[Assignment] Copying rule for the data below: take the line containing "一战期间,官方宣传农家奶酪是" and every line after it to the end, exactly, and drop all pictures.

┏━━

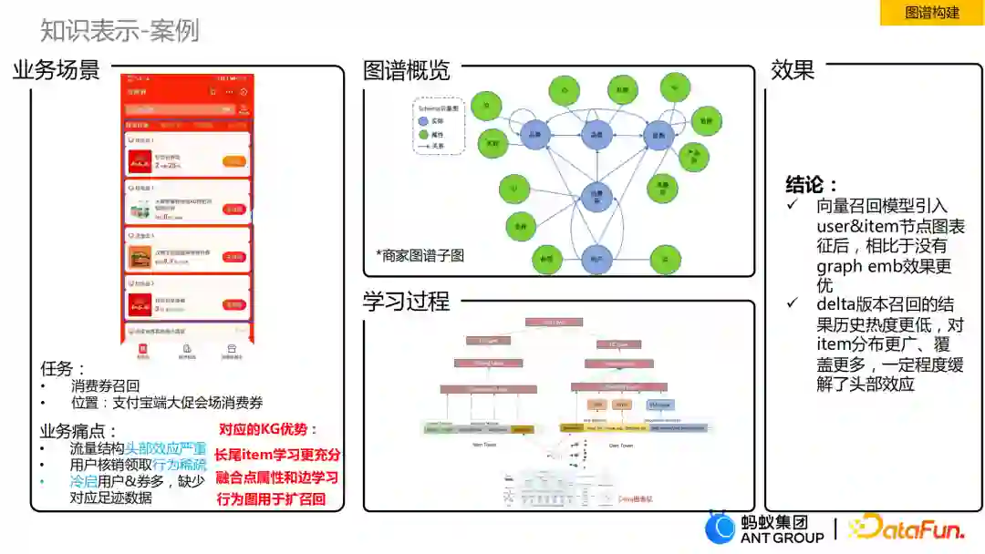 图谱认知这部分我主要介绍知识表示的一个案例。在支付宝中有一个会场消费券的频道场景(超级567),我们做的是消费券内容理解和深度召回。深入这个场景可以看到,用户需求是很明确的,但是也会有几个痛点,一个是流量结构的头部效应非常严重,通过行为召回的一般都会有马太效应;另一个是用户核销领取行为稀疏,一周或者一个月只进行几次浏览点击;还有不仅是冷启动的用户很多,每天新增的券也很多,新增券背后隐藏着用户的行为很少。
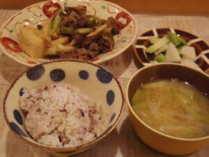雑穀ご飯、すき焼き風煮物、みそ汁、浅漬け。特売の牛コマと、ネギ、木綿豆腐、しめじを割り下でさっと煮た。冷蔵庫に木綿豆腐とネギしか無くて、冷凍の牛コマとシメジで何とかした夕飯。みそ汁もネギとシメジ。
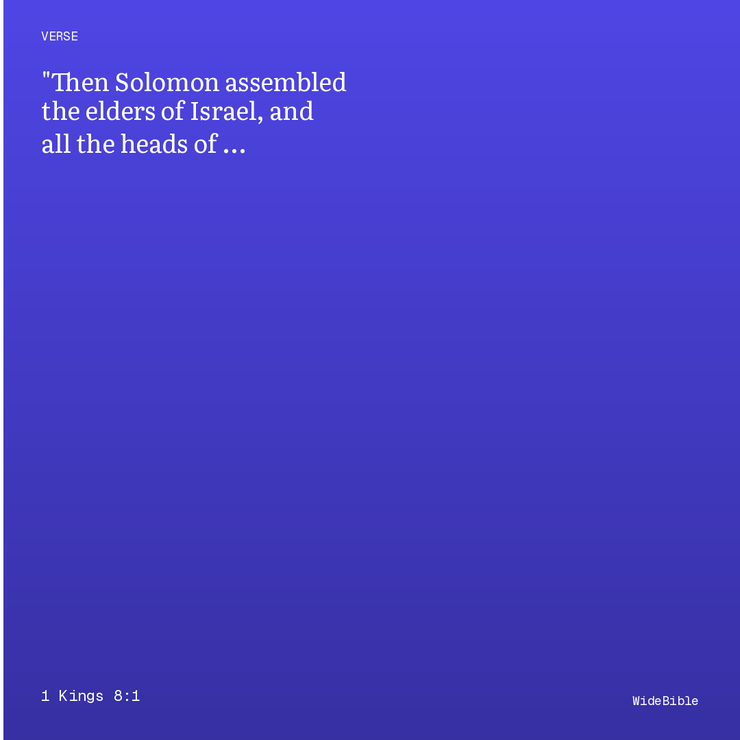 This verse from 1 Kings Chapter 8 connects to 10 cross-references. The ark is brought to the temple and the cloud of God's glory fills it; Solomon's dedicatory prayer rehearses God's covenant with David and asks God to hear prayers offered toward this place from Israelites and foreigners alike, in times …
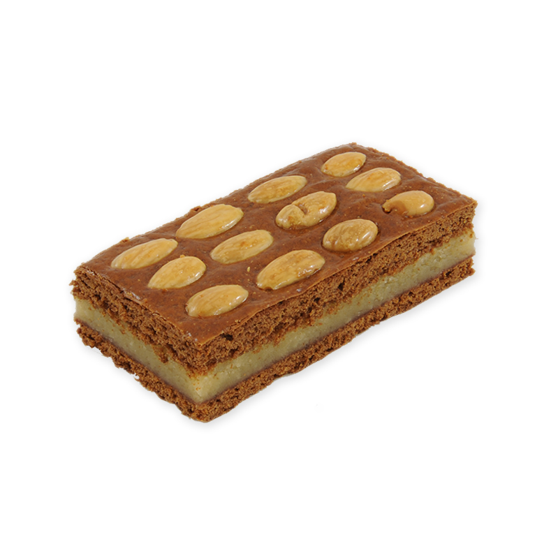 Gevuld speculaas met amandelspijs en afgewerkt met halve amandelen.
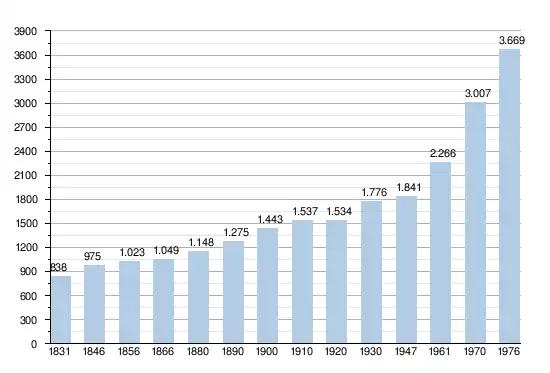 - Sources:INS, Rem:1831 jusqu'en 1970=recensements, 1976= nombre d'habitants au 31 décembre
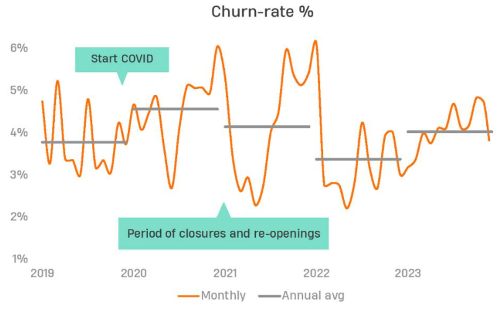 El churn normalizado de la empresa es del 4% al mes. La duración media de la estancia de un miembro de Basic Fit es de 22 a 23 meses, lo que, por breve que parezca, en realidad es mucho más largo que la media internacional de menos de 12 meses y ha aumentado desde los 19 meses que tenían cuando salieron a bolsa.
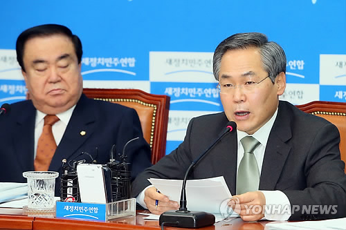 | △ 모두발언하는 우윤근 (서울=연합뉴스) 진성철 기자 = 새정치민주연합 우윤근 원내대표가 2일 국회에서 열린 비상대책위원회의에서 모두발언하고 있다. 왼쪽은 문희상 비상대책위원장. |
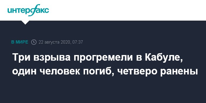 Москва. 22 августа. INTERFAX.RU - В Кабуле в субботу утром в разных частях города произошло три взрыва, в результате которых, по предварительным данным, погиб один и ранены четыре человека, сообщает полиция афганской столицы.
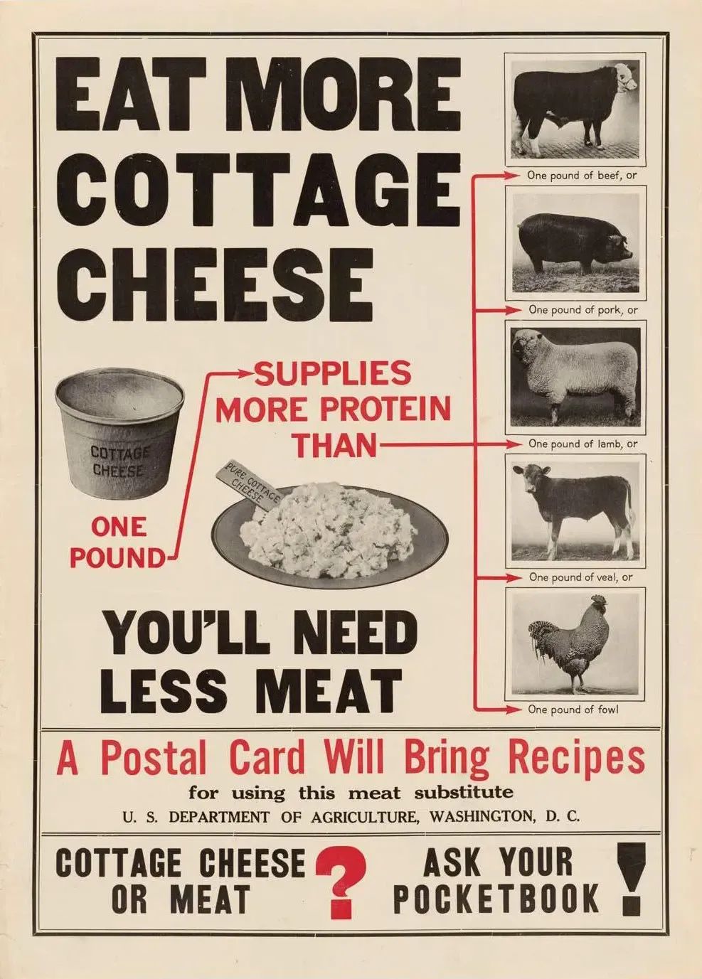 一战期间,官方宣传农家奶酪是出色的蛋白质替代品;减肥人士将它加入自己的减肥食谱;在20世纪70年代中期,每个州生产商每年会生产超过10亿英镑的农家奶酪[1]。
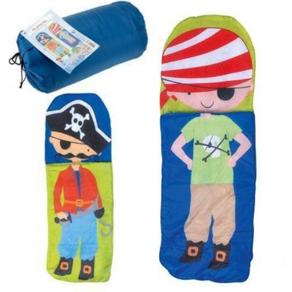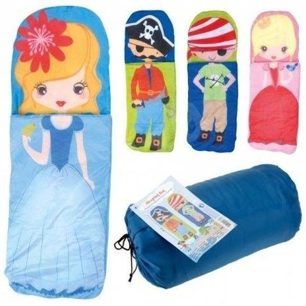 Slaapzak voor kinderen in handige opbergzak. Leuke jongens en meisjes kinderslaapzakken, met rits en piraten of princess opdruk.
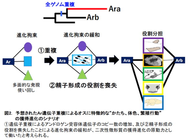 全ゲノム重複により2つに増えたアンドロゲン受容体遺伝子が、突然変異を蓄積して変化した結果、祖先遺伝子が持っていた精子形成の仕事を捨て、かつ2つの遺伝子コピーの間で他の仕事の分担を進めて特殊化していったことが明らかとなった。また、このことが真骨魚類の美しく長いヒレや華麗な交尾ダンスの進化につながり、多様化と繁栄をもたらしたことが示唆された。

┗━━

[Answer space]
 一战期间,官方宣传农家奶酪是出色的蛋白质替代品;减肥人士将它加入自己的减肥食谱;在20世纪70年代中期,每个州生产商每年会生产超过10亿英镑的农家奶酪[1]。
 Slaapzak voor kinderen in handige opbergzak. Leuke jongens en meisjes kinderslaapzakken, met rits en piraten of princess opdruk.
 全ゲノム重複により2つに増えたアンドロゲン受容体遺伝子が、突然変異を蓄積して変化した結果、祖先遺伝子が持っていた精子形成の仕事を捨て、かつ2つの遺伝子コピーの間で他の仕事の分担を進めて特殊化していったことが明らかとなった。また、このことが真骨魚類の美しく長いヒレや華麗な交尾ダンスの進化につながり、多様化と繁栄をもたらしたことが示唆された。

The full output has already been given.